I capodogli si difendono dalle orche scagliando contro di esse “nuvole di cacca”
Con circa 18 metri di lunghezza massima, i maschi di capodoglio (Physeter macrocephalus) sono i più grandi predatori dentati sulla Terra e non hanno praticamente alcun nemico naturale. Recentemente, tuttavia, si è scoperto che le femmine con i piccoli (chiamati vitelli) possono essere presi di mira dalle orche (Orcinus orca), grossi delfinidi che hanno evoluto impressionanti tecniche di caccia in gruppo, grazie alle quali possono abbattere il più maestoso animale sulla Terra, la balenottera azzurra (Balaenoptera musculus). Anche gli squali bianchi fanno parte della dieta di questi cetacei, che li cacciano principalmente per mangiarne il fegato.
Sebbene i capodogli possano potenzialmente rientrare nel menù delle orche, chiaramente non sono indifesi. Le loro lunghe e possenti mascelle, con impressionanti denti che arrivano a 25 centimetri di lunghezza, non sono però l'arma più efficace contro i “delfinoni” bianchi e neri. I capodogli, infatti, sfruttano le loro feci, in una tecnica che i biologi marini chiamano “defecazione di emergenza o difensiva”. In parole semplici, svuotano le loro viscere contro le orche all'attacco, agitando la coda per indirizzare meglio il colpo e investendole con una vera e propria nuvola di diarrea.
I capodogli sfruttano la defecazione difensiva quando si sentono minacciati, anche contro imbarcazioni che si avvicinano troppo e non sono gradite, ma l'utilizzo di questa tecnica non era mai stato osservato prima contro un pod di orche (del resto è già rarissimo vedere questi approcci predatori). Il comportamento è stato documentato per la prima volta durante un'uscita di whale watching (avvistamento balene / cetacei) al largo dell'Australia Occidentale, nel cuore del Bremer Canyon. I ricercatori a bordo di un'imbarcazione stavano seguendo un gruppo di orche guidate dalla matriarca Cookie, quando gli animali hanno iniziato ad accelerare in direzione di un tratto di mare con acqua più bassa, circa 80 metri di profondità rispetto ai 1.000 del fondale del canyon. L'equipaggio riteneva che il gruppo guidato dalla femmina anziana avesse puntato uno zifide, come uno zifio di Blainville o uno zifio di Layard (anch'essi cetacei normalmente predati dalle orche), ma incredibilmente aveva messo nel mirino un gruppetto di capodogli. Si trattava di alcune femmine con un piccolo al centro.
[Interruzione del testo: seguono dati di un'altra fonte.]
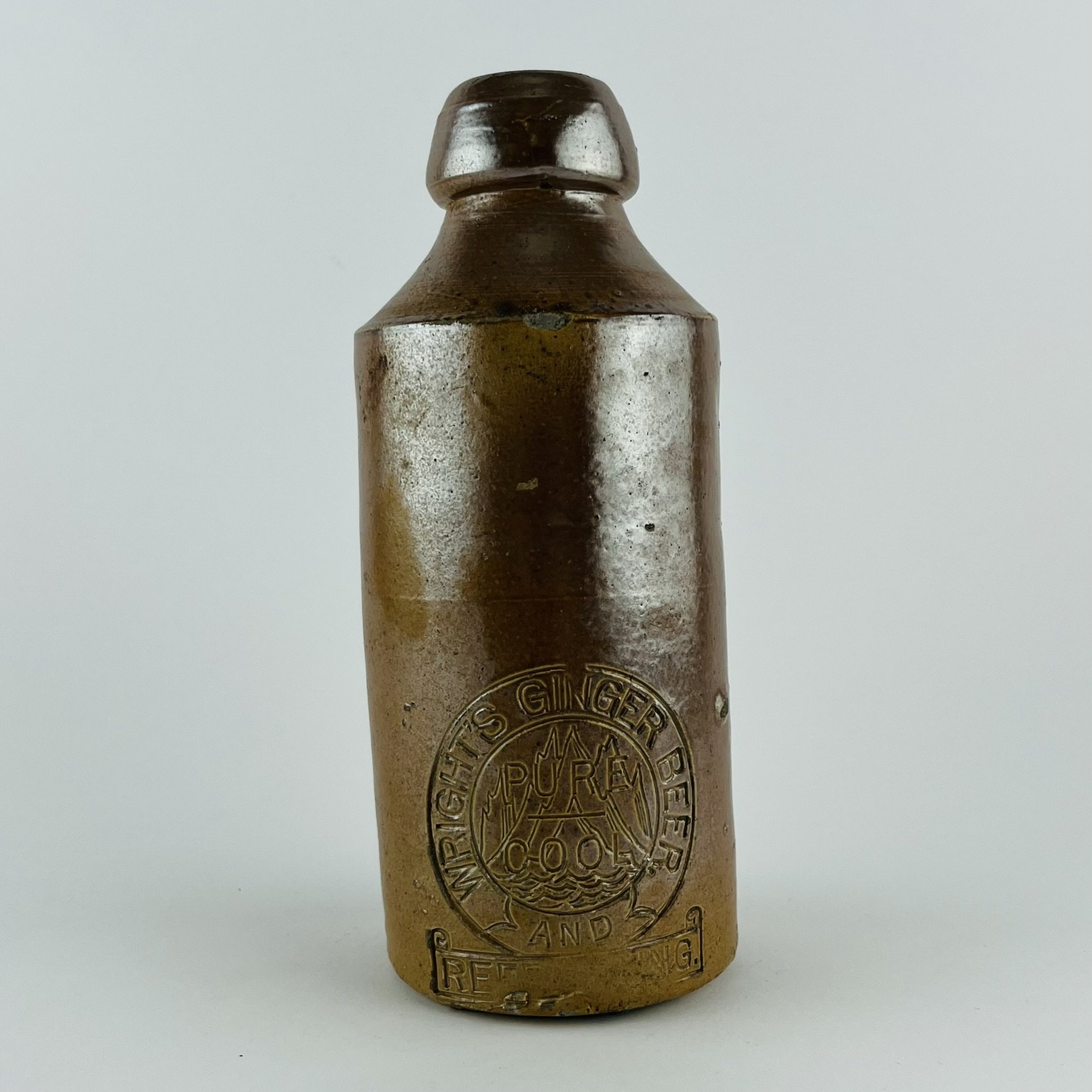 «Wright’s Ginger Beer. Pure Cool and Refreshing.» Marca incisa. Fabricada por Bourne & Denby. Stevenage, Inglaterra.
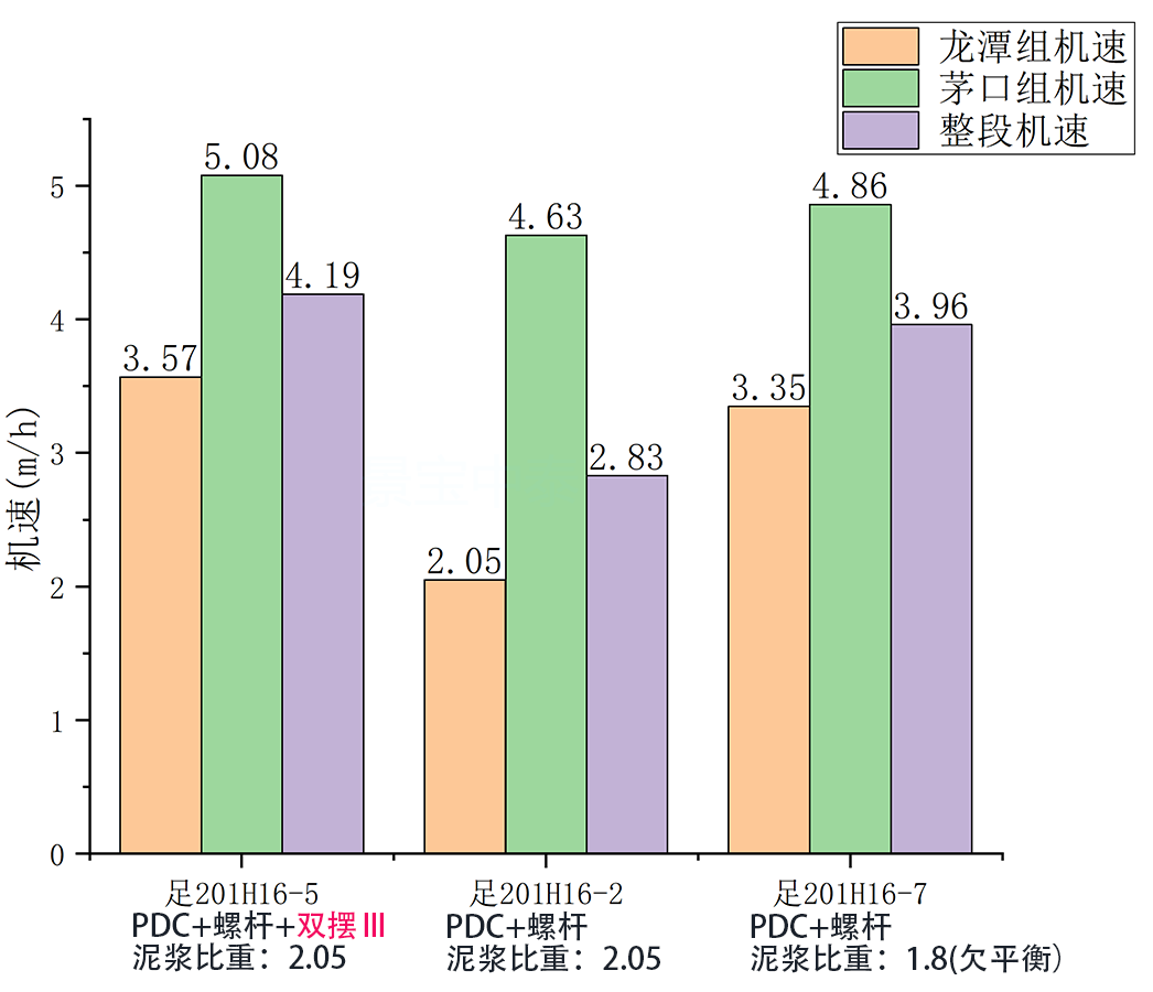 采用双摆Ⅲ型提速工具对比足201H16-2井在龙潭组和茅口组平均机速分别提高
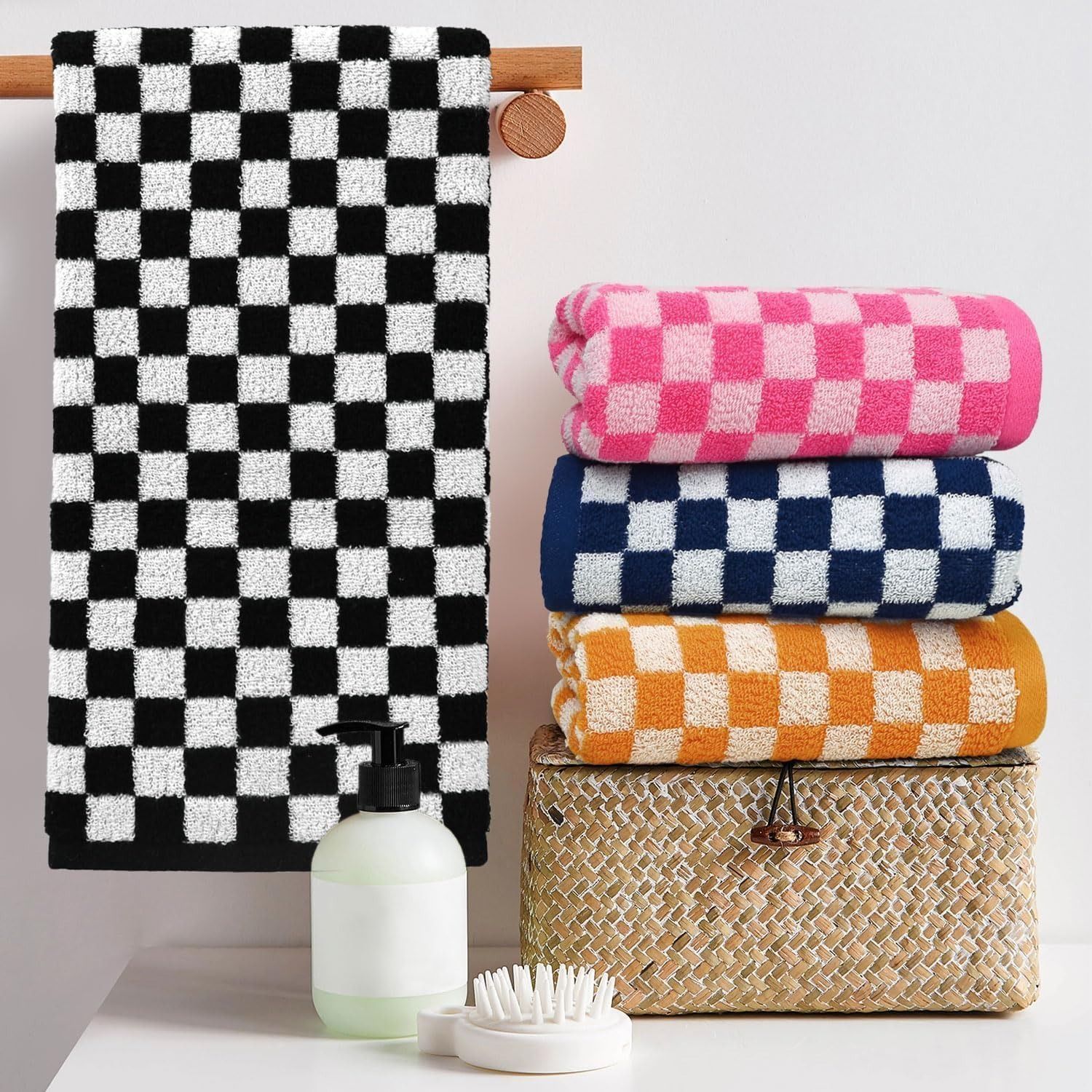 Checkerboard & Stripe Hotel Bath Towel Set (10-Pack)

I capodogli, per proteggere i membri più vulnerabili del branco, si dispongono a rosa attorno ad essi, formando una struttura che i biologi marini chiamano “rosetta”. In questa disposizione la testa è rivolta verso l'interno e la coda all'esterno, pronta a essere scagliata contro eventuali minacce. Quando le orche hanno attaccato i capodogli è stato osservato che uno degli esemplari ha sollevato la testa dall'acqua, poi nel parapiglia è emersa sulla superficie una grande bolla di colore rossastro, che inizialmente era stato scambiato per sangue. È stata notata anche un'orca con un pezzo di carne in bocca, che sembrava corroborare il successo predatorio ai danni di uno dei capodogli. Dalle analisi dei video e delle fotografie raccolte durante l'escursione, tuttavia, i biologi marini si sono accorti che quello avvistato non era sangue, bensì una gigantesca bolla di feci, il cui colore è rossastro poiché il 90 percento della dieta dei capodogli è composto da calamari.
Quando questa nuvola di escrementi è stata lanciata, una delle orche all'attacco chiamata Wonks è subito tornata indietro precipitosamente. La stessa sorte è toccato all'esemplare Shredder. Dopo questi due repentini dietrofront le orche guidate da Cookie si sono raggruppate e se ne sono andate. Molto probabilmente il pezzo di carne notato in bocca a uno degli esemplari era una parte di calamaro "rubato" a uno dei capodogli. In altre occasioni è stato visto che le orche disturbano questi cetacei proprio per rubare loro i cefalopodi appena catturati a grandi profondità.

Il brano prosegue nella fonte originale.